Nothing wrong with fix over replace, but in all honesty you have been lucky. It's not always a case of needing to replace a diaphragm or valve plate. As emissions have tightened the small passages in these small carbs have gotten..... you guessed it, smaller and easier to obstruct. Spraying with a can of carb cleaner isn't going to fix that in all cases tho it will destroy the diaphragm and valve plate in short order.
Issues like a leaking shaft seal, a leaking welch plug, or check valve need to be tested for to find. To correctly diagnose a carb issue you need special tools and to properly repair one you need additional special tools. Now, I can diagnose a carb with a simple pressure/vacuum hand pump in 3 steps to decide if it is even worth touching a screw driver, but repairing any of those faults or fully diagnosing issues requires other things.
To be fair you can buy a Walbro rebuild kit online for under $10, tho I honestly have no idea how they can be sold for that since I can't buy them that cheap being a multiple brand dealer/repair shop through any of my distributors or directly from Walbro. Now, if you disregard the value of your labor and it works you get a great deal.
The average replacement carb costs between 30 and 70 dollars, add the cost of labor at any legit shop up here at $80/hour or higher where you get 10-15 minutes to diagnose the carb is the cause and (again with some specialty tools and knowledge) there are no other issues with the unit it belongs on like leaking seals, gaskets or piston rings.
Now, rebuilding a carb lets say is 30 minutes billable labor. That's $40, plus the carb kit which is realistically $15-20 and you're already into the average cost of a replacement never mind the real possibility the cleaning you did didn't get the passages open and it still may not work. Or that the metering valve seat in the carb body is worn and won't seal even with the new needle you just put in. Or that the main check valve is leaking causing poor idle not a blocked passage.

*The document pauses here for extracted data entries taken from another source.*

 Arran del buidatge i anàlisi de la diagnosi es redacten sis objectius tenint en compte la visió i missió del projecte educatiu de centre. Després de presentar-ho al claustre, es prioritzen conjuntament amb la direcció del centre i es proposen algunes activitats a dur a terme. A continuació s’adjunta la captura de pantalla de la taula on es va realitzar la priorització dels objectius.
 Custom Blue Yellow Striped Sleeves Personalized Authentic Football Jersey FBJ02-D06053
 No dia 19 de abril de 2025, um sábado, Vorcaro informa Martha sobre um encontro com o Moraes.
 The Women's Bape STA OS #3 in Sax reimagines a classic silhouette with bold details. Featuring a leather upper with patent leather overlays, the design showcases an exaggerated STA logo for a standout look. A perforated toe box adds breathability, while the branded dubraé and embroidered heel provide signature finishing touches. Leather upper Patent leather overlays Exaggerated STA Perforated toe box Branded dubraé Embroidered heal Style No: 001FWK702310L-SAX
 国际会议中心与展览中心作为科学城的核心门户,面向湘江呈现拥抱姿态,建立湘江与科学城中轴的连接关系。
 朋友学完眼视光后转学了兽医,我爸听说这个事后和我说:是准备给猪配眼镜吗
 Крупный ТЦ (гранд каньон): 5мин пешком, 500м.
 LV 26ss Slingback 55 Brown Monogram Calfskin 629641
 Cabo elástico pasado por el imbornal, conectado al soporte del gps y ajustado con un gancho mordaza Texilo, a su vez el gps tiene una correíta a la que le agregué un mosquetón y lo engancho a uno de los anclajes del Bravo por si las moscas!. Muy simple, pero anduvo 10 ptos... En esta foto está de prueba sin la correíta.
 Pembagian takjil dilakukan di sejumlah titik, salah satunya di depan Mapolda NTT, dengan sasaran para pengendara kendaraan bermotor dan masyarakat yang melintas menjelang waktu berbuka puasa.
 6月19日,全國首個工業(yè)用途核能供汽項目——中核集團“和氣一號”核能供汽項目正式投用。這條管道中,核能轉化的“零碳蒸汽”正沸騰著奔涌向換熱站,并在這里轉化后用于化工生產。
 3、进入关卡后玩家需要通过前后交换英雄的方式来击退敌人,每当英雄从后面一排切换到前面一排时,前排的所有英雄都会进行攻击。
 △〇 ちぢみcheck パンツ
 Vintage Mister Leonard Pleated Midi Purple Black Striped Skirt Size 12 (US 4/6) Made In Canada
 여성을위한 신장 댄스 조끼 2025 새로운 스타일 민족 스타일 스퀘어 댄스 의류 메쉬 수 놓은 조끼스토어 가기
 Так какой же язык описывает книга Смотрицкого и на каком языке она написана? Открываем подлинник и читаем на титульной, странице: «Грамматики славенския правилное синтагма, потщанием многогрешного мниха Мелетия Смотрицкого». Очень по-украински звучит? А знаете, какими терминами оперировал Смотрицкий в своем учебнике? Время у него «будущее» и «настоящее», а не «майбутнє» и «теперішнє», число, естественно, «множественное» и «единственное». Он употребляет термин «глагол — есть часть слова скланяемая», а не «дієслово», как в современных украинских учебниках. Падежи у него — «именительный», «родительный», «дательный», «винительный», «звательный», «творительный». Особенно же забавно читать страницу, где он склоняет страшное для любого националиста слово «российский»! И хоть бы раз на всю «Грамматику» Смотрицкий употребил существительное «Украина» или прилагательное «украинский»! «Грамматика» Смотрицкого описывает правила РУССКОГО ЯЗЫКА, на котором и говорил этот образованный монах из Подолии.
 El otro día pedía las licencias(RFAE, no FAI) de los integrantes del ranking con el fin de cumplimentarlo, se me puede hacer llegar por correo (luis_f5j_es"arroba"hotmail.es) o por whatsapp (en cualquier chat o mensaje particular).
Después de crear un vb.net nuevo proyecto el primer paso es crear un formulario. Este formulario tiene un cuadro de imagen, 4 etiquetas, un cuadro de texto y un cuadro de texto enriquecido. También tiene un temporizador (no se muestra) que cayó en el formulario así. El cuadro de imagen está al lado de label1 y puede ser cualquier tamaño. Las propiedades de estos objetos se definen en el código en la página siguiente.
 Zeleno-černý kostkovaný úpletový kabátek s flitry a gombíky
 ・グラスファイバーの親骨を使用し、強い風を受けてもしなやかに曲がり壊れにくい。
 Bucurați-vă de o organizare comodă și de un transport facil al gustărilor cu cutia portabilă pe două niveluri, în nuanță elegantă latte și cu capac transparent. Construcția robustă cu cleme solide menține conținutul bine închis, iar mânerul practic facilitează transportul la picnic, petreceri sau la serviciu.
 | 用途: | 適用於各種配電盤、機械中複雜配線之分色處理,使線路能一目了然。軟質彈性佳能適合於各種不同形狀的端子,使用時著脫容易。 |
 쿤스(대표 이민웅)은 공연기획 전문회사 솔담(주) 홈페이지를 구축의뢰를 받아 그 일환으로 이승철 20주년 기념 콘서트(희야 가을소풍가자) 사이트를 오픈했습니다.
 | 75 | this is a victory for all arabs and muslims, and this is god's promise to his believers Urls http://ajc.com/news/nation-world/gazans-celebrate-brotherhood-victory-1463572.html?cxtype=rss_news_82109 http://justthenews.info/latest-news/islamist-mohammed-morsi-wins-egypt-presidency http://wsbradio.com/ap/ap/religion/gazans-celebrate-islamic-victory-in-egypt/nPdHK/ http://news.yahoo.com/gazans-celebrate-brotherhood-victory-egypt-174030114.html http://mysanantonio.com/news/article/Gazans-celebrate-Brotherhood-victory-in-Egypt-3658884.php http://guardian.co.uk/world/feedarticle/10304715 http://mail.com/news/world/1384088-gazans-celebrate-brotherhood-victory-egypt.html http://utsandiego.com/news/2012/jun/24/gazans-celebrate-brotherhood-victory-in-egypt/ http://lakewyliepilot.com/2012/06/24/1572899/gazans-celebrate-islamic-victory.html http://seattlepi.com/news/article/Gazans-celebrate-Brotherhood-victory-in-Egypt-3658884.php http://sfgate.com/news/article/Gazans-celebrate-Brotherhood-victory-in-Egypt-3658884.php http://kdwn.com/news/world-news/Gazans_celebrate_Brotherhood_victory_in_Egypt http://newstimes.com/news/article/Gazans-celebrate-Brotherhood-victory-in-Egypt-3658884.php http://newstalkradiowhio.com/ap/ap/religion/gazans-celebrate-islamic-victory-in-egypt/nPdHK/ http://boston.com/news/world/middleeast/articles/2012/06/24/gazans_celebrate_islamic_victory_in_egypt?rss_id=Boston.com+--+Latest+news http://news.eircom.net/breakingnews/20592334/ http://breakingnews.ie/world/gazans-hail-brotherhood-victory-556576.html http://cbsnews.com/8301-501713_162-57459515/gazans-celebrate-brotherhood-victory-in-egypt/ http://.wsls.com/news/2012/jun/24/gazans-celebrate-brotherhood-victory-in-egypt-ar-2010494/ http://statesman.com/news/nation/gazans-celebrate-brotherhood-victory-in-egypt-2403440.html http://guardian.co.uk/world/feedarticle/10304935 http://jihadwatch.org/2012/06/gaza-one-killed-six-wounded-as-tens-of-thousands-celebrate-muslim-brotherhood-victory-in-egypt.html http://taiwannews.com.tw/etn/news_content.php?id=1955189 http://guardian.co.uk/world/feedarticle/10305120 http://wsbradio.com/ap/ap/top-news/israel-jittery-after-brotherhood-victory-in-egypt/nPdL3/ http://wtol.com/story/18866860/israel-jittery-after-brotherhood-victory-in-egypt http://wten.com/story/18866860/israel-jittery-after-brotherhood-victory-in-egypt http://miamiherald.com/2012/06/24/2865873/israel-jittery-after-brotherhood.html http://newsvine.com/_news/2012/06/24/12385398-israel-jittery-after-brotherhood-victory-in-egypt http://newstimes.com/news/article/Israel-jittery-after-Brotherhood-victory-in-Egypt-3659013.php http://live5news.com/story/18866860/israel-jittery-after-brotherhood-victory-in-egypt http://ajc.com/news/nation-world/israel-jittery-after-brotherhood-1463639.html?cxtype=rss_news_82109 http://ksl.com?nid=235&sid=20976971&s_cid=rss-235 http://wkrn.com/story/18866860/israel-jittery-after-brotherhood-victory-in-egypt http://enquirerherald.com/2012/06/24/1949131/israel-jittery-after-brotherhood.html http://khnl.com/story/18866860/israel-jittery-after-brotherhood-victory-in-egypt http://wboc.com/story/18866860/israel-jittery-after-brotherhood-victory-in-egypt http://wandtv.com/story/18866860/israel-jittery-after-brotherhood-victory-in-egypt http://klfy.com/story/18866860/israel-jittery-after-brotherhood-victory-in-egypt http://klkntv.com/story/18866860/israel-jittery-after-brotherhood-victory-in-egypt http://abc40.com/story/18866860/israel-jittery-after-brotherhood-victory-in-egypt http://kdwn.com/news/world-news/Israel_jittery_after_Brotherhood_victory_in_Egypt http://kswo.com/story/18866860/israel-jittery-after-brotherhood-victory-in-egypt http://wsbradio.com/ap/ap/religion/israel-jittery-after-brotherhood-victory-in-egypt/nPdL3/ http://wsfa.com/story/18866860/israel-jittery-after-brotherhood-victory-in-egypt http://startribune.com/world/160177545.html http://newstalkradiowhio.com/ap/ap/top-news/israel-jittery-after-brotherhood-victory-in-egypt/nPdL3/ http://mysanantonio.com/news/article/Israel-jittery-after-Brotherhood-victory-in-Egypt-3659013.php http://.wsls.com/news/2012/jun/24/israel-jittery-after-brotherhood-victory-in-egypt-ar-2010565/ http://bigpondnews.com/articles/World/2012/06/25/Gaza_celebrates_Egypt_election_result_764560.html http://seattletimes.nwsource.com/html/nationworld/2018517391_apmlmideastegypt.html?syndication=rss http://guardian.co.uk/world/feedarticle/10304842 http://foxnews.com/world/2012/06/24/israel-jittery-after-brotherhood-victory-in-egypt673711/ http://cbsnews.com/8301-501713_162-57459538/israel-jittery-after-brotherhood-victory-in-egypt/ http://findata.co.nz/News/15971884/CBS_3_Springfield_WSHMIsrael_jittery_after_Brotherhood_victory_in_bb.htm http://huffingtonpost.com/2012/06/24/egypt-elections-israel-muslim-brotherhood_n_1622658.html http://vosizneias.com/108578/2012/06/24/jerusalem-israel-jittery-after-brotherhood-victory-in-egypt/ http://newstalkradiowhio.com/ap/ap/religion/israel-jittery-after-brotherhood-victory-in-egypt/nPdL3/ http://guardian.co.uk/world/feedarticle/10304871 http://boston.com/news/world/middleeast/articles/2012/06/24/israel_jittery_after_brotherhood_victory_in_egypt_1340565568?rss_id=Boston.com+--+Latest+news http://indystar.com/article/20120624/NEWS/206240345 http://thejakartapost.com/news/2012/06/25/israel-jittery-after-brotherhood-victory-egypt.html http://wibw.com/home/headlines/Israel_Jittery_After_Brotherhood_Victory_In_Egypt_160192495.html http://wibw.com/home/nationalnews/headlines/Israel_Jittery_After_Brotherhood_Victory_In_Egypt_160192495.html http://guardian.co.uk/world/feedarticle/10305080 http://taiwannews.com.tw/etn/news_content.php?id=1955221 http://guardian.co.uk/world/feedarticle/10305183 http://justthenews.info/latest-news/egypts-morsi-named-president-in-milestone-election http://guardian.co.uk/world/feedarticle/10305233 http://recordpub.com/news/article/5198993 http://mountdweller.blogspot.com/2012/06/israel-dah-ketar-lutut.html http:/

What if a welch plug is leaking - possibly because the sealant older carbs used breaks down from ethanol over time. Both Walbro and Zama used to offer special tools to remove and replace welch plugs and both stopped because it's not cost effective to perform that repair. And before you say ultrasonic cleaner will fix it, the check valves in these carbs don't normally respond positively to that with a high probability that the main check valve will dislodge and fail post cleaning. Same with high pressure air blasts to blow the obstruction out.
Stihl requires me to test certain things for a warranty claim. If a carb fails that 3 step vacuum/pressure test and I verify the fuel quality/age/ethanol % and mix oil are all Stihl needs to ok replacing the carb. Not rebuilding, replacing because the cost versus labor to rebuild/repair is better to replace.